La suite, Hercule arrive
  Le temporaire de l’ ARENH prend fin en 2025. La Commission européenne revient donc à la charge : il faut briser le monopole d’EDF. Plus vraiment pour établir une concurrence qui baisserait le prix au consommateur : cet argument serait risible, vu les résultats de la précédente « libéralisation » !
  Il s’agit juste maintenant d’obéir à un dogme dépouillé de toute rationalité. Certes EDF a encore un « monopole » en France, mais dans un marché européen tellement éloigné des règles libérales que c’est juste une situation surréaliste parmi tant d’autres.
  La solution qui est sur la table, le projet Hercule, fait l’objet d’intenses discussions. La Commission veut scinder EDF en deux parties, le nucléaire et le transport haute tension d’une part, la part qui sera en perte et en besoin d’intenses financements, et la distribution et les ENR d’autre part, c’est-à-dire ce qui gagne de l’argent aux frais du contribuable et du consommateur. Elle souhaiterait évidemment une privatisation importante et la rupture des liens entre les deux sociétés.
  La question des barrages hydrauliques fait aussi débat : ce n’est pas un détail, cela représente 25 GW en France, et c’est indispensable pour assurer la continuité de service, surtout avec des ENR. Ce qui limite le degré de liberté d’opérateurs indépendants, ou, à tout le moins, nécessite des règles de servitude. Et l’eau a des usages multiples, pour le bien commun, autres que l’électricité, qu’il faut assurer eux aussi.
  Le gouvernement met sur la table une organisation scindée en trois entités : EDF bleu, le nucléaire et RTE, le réseau haute tension, EDF vert, les ENR et Enedis, le réseau de distribution, et le commerce, EDF Azur, les barrages hydrauliques, avec des liaisons qui resteraient fortes entre les entités.
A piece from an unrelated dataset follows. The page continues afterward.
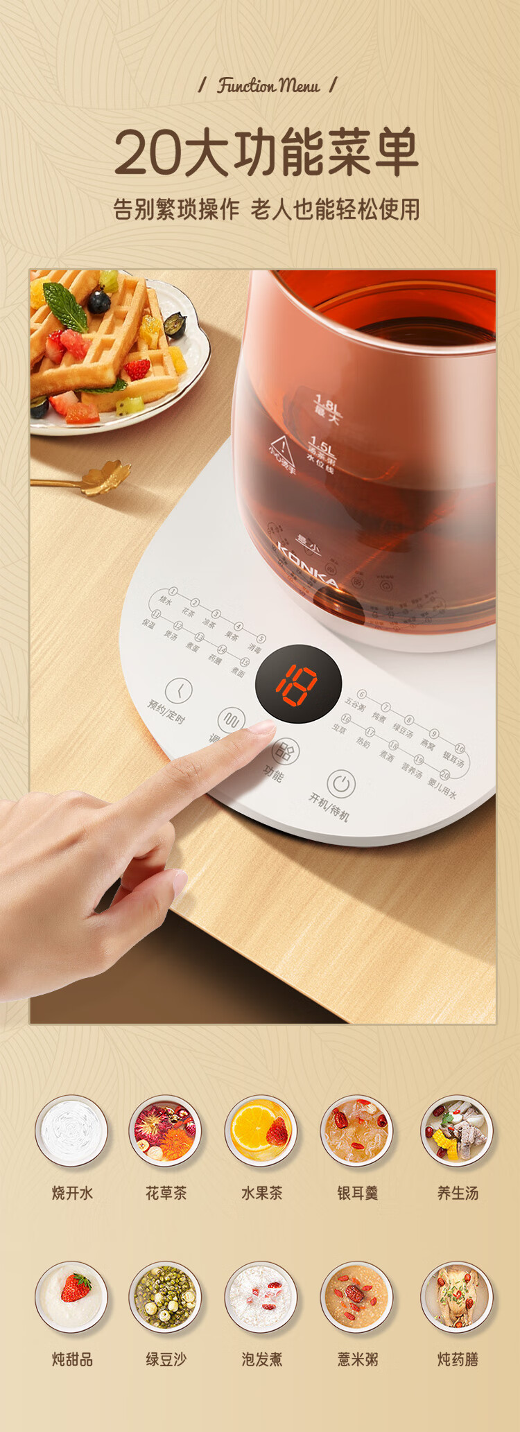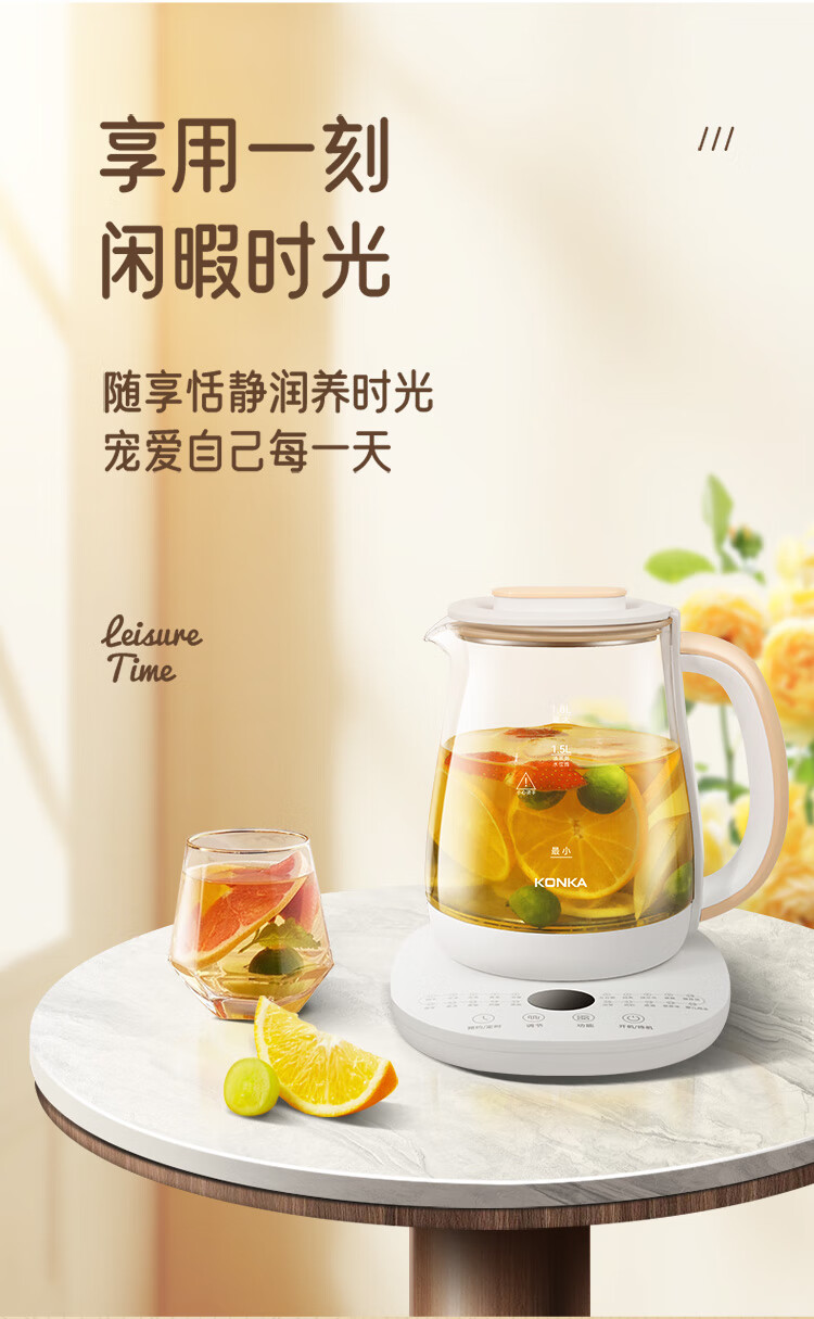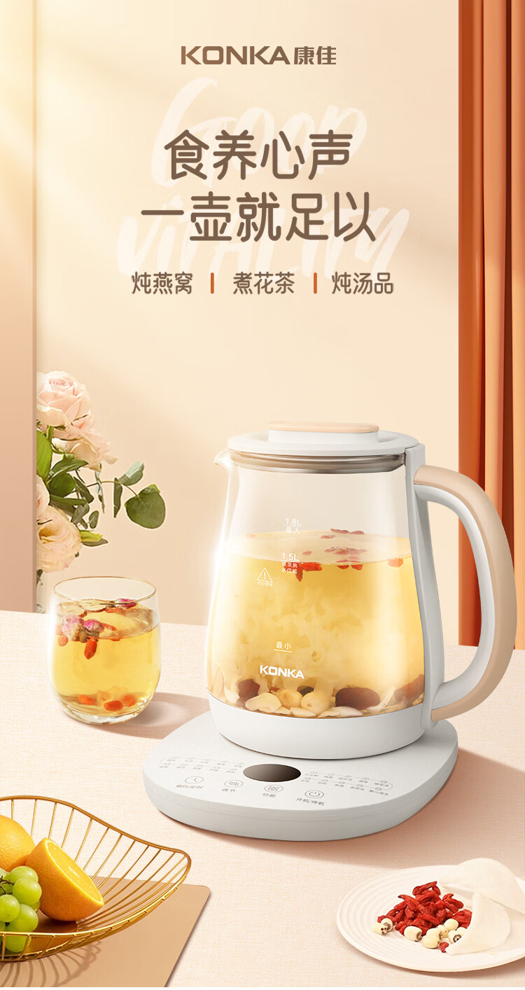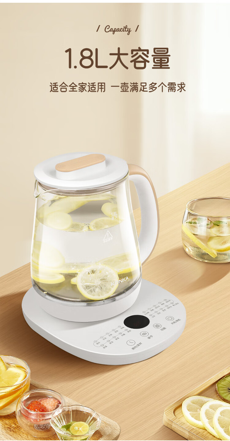 商品名称: 康佳(KONKA)养生壶KYSH-1806E 煮茶器 玻璃保温烧水壶 1.8L家用大容量 多功能煮花茶 电热水壶 KYSH-1810E/台

  Mais la question du nucléaire reste entière. Une proposition pourrait être que l’entité dédiée vende son GWh nucléaire à prix plus ou moins réglementés, en rapport avec les coûts, en totalité sur le marché, son entité commerciale étant un acheteur comme un autre.
  Le vrai enjeu c’est le financement du renouvellement du parc du nucléaire. Les conditions ne permettent plus, comme dans les années 1980, à EDF d’emprunter seul à des taux avantageux. Or, vu la longueur des emprunts les taux sont un élément capital dans les coûts du GWh.
  De plus, la rentabilité du parc nucléaire ne peut que baisser, avec le développement frénétique des ENR, si l’obligation d’achat perdure : les autres producteurs, les pilotables, ne peuvent que moins produire. Tout ceci amène à conclure que si la France veut poursuivre dans le nucléaire, cela ne pourra se faire sans l’État : horreur pour la Commission européenne !
  Au gouvernement, personne ne croit que l’on puisse se passer du nucléaire, sauf peut être l’ ADEME et Mme Pompili, et encore. Il faut donc trouver une solution pour sauver la face. Une option vraiment privée serait sans doute chinoise. Mais l’heure est à la souveraineté nationale.
  La décision du renouvellement du parc sera prise en 2023… si Hercule convainc la Commission. Le premier nouvel EPR sera couplé en 2030, au mieux. D’ici là, la France, et l’Allemagne qui aura arrêté nucléaire et charbon, auront sans doute acheté en catastrophe des centrales au gaz pour éviter la
pénurie.


Épilogue
  Ceci n’est pas une fiction inspirée d’Alice au pays des merveilles. C’est notre monde, c’est notre avenir. On peut en rire, tellement c’est surréaliste, on peut aussi en pleurer. Tant que les conditions faites aux ENR perdureront, le « prix de marché » reflétera davantage la météo que les performances des acteurs. On ne peut baser un marché libre là-dessus.
  On échafaudera des « Hercule » de plus en plus compliqués, de plus en plus shadockiens, pour corriger sans fin les corrections des corrections des dysfonctionnements créés de toute pièce par un système que plus personne ne contrôle.
  Pendant ce temps là, la Russie pousse son gazoduc et la Chine vend ses centrales nucléaires.